Elle s'est approchée de la cage, a ouvert la porte sans aucune crainte et a laissé le perroquet sauter sur son doigt.
« Tu vois ? Il est inoffensif. »
Le perroquet a frotté sa tête contre sa joue, un spectacle écœurant de complicité. Ils étaient de mèche. Tous les trois contre moi.
Le lendemain, Marc est rentré à la maison avec un grand perchoir en bois sculpté. Un perchoir magnifique et sinistre, qui ressemblait à un arbre mort. Mon cœur a sombré. C'était le même. Le même perchoir qu'ils avaient utilisé lors du rituel, dans ma première vie. C'était l'autel.
« C'est pour que Coco se sente plus à l'aise, » a-t-il annoncé fièrement.
Ils l'ont installé dans un coin du salon. Le perroquet a immédiatement volé pour s'y poser, comme s'il reconnaissait son trône.
Ce soir-là, je n'arrivais pas à dormir. Un pressentiment horrible me tenait éveillée. Je me suis levée et je suis descendue sans faire de bruit. La maison était silencieuse. J'ai passé la tête dans l'entrebâillement de la porte du bureau de Marc.
La lumière était allumée.
J'ai entendu des chuchotements. C'était Marc et Chloé.
« Est-ce que tu penses qu'elle se doute de quelque chose ? » demanda Chloé, sa voix basse et inquiète.
« Non, » répondit Marc. « Elle est juste un peu instable en ce moment. C'est parfait. Quand le moment viendra, tout le monde pensera qu'elle a eu une dépression nerveuse. Personne ne remettra en question sa... disparition. »
Mon sang se transforma en glace dans mes veines.
« Le collier est presque prêt, » continua Marc. « Le sorcier a dit que pour le troisième anniversaire, l'alignement serait parfait. L'âme de Sophie est forte dans le perroquet. Le transfert sera facile. Il suffira de lui faire porter le collier, de la placer près du perchoir avec le perroquet, et de réciter l'incantation. Son corps sera à nous. À Sophie. »

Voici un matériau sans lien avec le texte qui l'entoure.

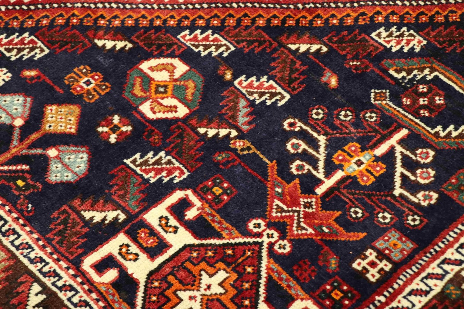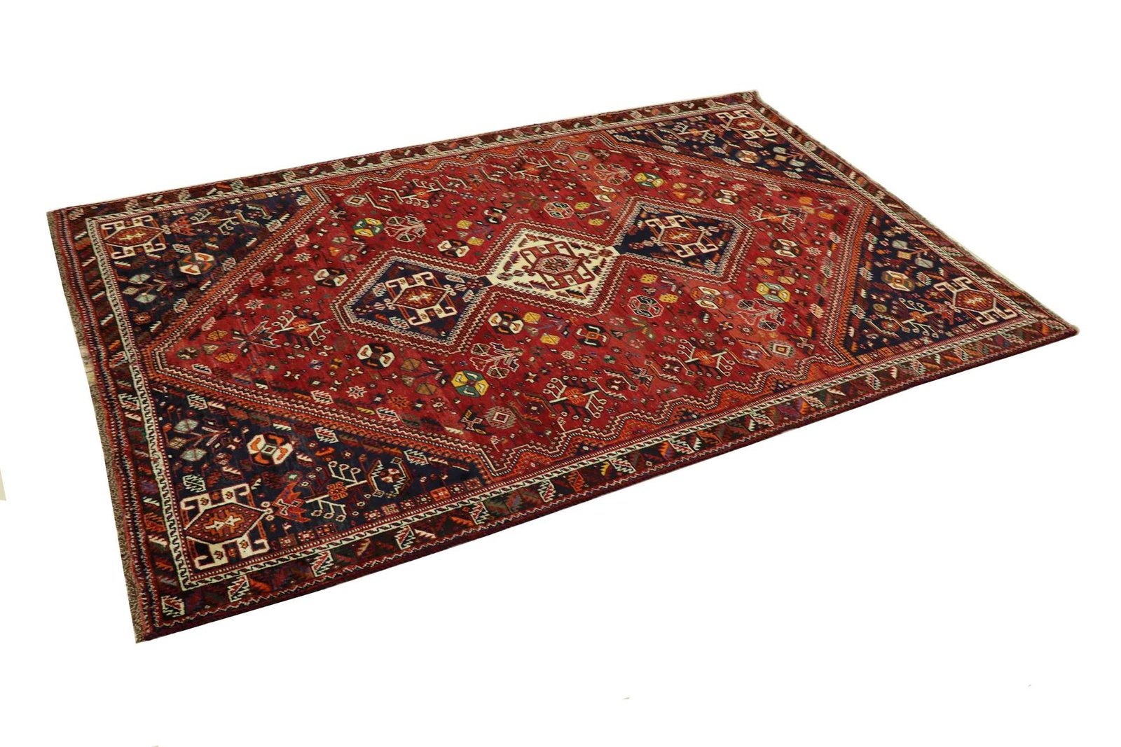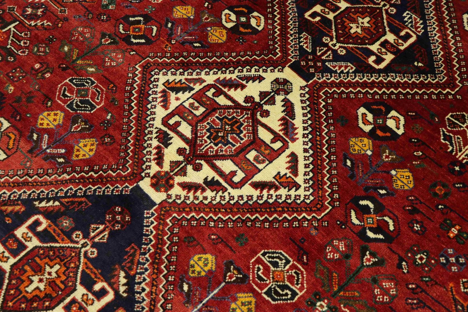 This carpet belongs to the village and nomadic carpets from Iran and is woven in small towns and villages as well as by nomads in the open air according to ancient tradition. Shiraz and Ghashghai carpets, which are made without a template and from memory, are particularly well known. These carpets are characterised by linear and geometric patterns that embody the cultural tradition and unique character of ancient Persia. Thanks to their handcrafted production and authentic design, they carry a deeply rooted cultural history and lend every room a touch of Persian tradition.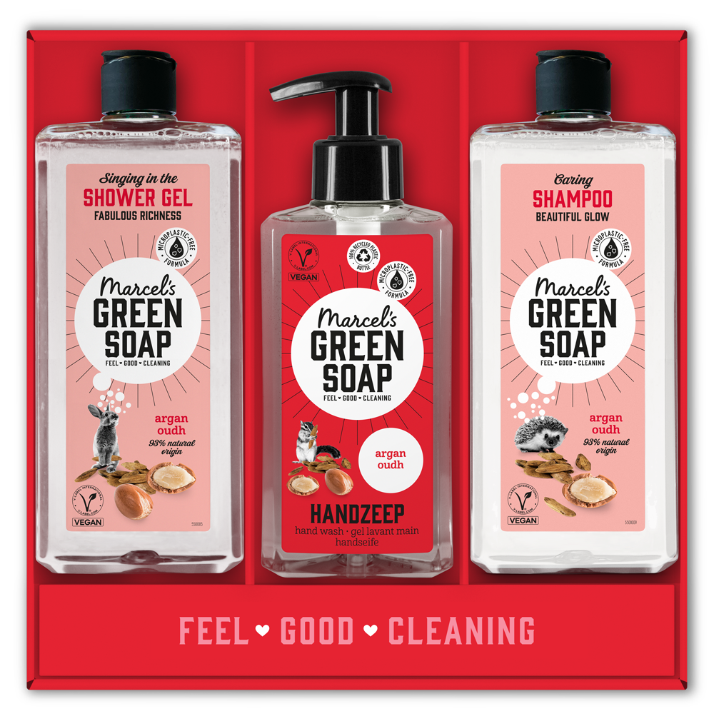 Marcel's Green Soap Gift Set: a Feel Good gift that is responsible and surprising! In the delicious scent of Argan & Oudh. Who will you make feel good?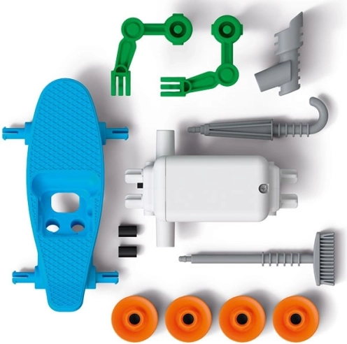 - motor cu cutie de viteze și modul de baterie, piese robot, autocolante colorate, manual de instrucțiuni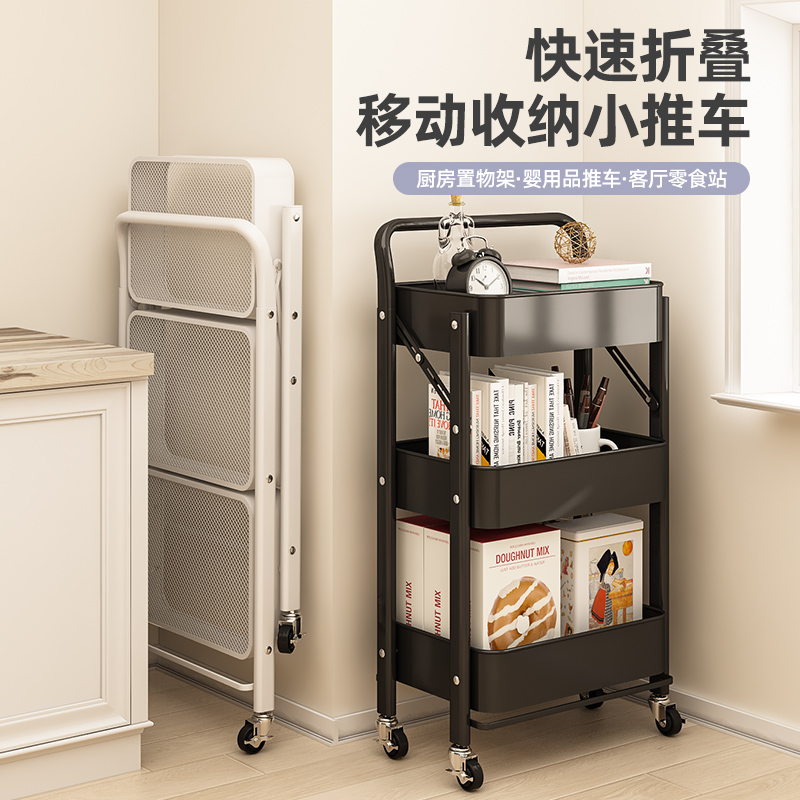 小推车置物架客厅书架落地卧室零食移动可折叠简易书包收纳储物架

Chloé a gloussé. Un son horrible.
« Et sa fortune aussi. Les parents de Jeanne ne laisseront jamais leur "pauvre fille malade" gérer l'entreprise. Toi, son mari dévoué, tu prendras le contrôle. »
« Exactement. Et enfin, je pourrai ramener Léo à la maison. Notre fils. Il aura la mère qu'il mérite. »
Léo. Leur enfant caché. Le fils que Sophie avait eu avant de mourir en couches. Tout était vrai. Chaque parcelle de mon cauchemar était la réalité.
Je me suis retirée dans l'ombre du couloir, le cœur battant à tout rompre, non pas de peur, mais d'une rage froide et pure. J'avais tout entendu. Je connaissais leur plan dans les moindres détails.
La femme naïve qu'ils pensaient manipuler était partie pour de bon.
Ils voulaient une guerre ? Ils allaient l'avoir. Mais cette fois, c'est moi qui fixerais les règles.